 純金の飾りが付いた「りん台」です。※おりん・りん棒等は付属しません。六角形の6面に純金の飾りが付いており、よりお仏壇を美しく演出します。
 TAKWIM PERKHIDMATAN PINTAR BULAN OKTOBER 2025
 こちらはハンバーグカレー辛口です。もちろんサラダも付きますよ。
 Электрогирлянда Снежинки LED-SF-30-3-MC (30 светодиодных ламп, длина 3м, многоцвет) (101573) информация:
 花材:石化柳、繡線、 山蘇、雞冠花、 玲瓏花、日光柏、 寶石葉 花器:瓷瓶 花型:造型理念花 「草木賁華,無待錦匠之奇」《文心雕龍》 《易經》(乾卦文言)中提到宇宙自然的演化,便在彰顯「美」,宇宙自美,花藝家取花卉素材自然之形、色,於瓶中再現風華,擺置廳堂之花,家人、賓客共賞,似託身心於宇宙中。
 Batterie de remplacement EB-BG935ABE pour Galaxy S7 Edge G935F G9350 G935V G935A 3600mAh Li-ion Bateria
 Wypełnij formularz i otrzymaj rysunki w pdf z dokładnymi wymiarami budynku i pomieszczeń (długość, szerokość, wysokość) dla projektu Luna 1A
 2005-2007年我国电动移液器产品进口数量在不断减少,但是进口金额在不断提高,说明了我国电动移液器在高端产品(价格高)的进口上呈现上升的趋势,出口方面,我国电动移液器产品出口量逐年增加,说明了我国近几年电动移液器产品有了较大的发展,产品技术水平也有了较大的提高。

==

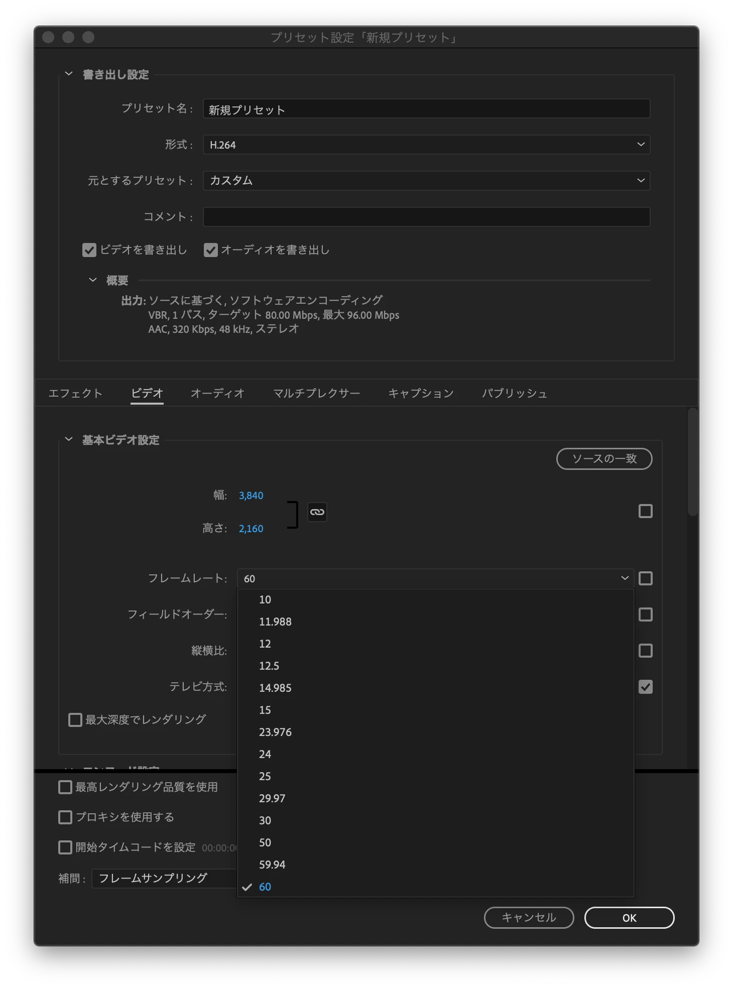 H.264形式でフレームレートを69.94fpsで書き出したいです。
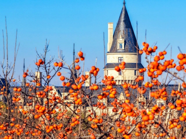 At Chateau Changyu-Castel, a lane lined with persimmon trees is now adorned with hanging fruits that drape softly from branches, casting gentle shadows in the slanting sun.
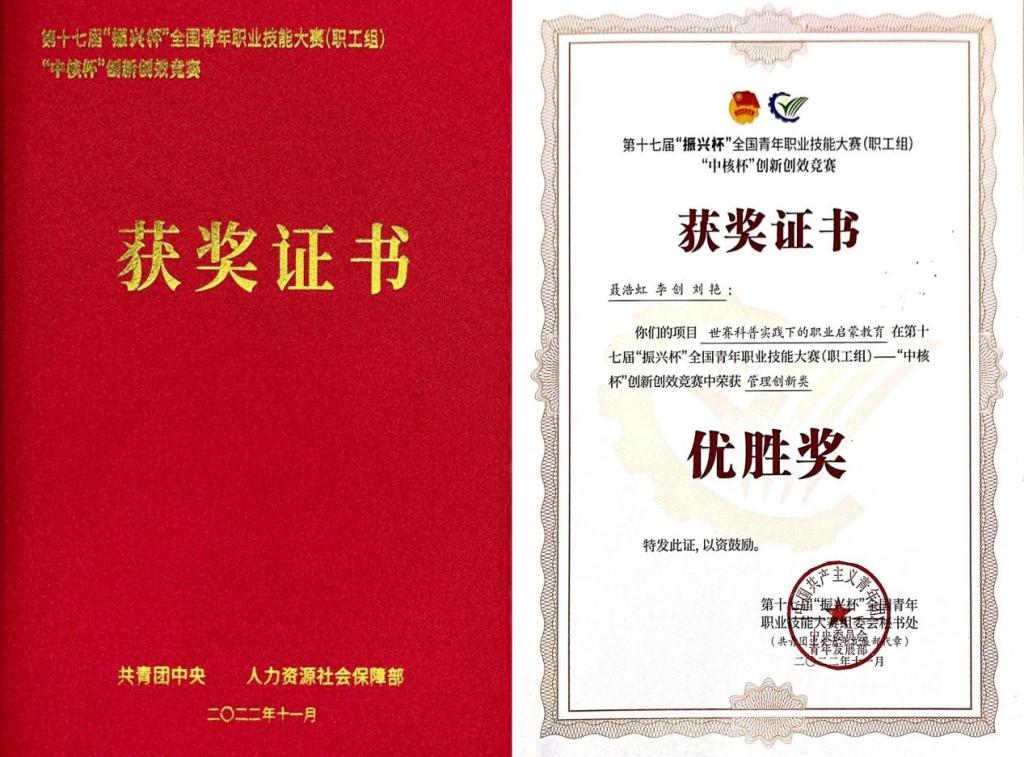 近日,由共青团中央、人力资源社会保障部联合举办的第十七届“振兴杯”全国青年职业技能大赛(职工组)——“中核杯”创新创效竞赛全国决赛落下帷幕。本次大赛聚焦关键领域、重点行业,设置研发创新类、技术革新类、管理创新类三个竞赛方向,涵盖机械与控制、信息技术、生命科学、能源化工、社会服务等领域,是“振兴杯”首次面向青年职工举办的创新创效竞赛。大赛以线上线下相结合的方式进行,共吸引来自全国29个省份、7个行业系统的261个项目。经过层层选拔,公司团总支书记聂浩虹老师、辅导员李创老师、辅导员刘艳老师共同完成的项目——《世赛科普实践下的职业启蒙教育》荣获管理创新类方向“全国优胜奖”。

- [Assignment]: Reproduce exactly, and with no other material, the lines between those holding "純金の飾りが付いた「りん台」" and "Электрогирлянда Снежинки LED-SF-30-3-MC", inclusive.

- [Worked solution]:
 純金の飾りが付いた「りん台」です。※おりん・りん棒等は付属しません。六角形の6面に純金の飾りが付いており、よりお仏壇を美しく演出します。
 TAKWIM PERKHIDMATAN PINTAR BULAN OKTOBER 2025
 こちらはハンバーグカレー辛口です。もちろんサラダも付きますよ。
 Электрогирлянда Снежинки LED-SF-30-3-MC (30 светодиодных ламп, длина 3м, многоцвет) (101573) информация:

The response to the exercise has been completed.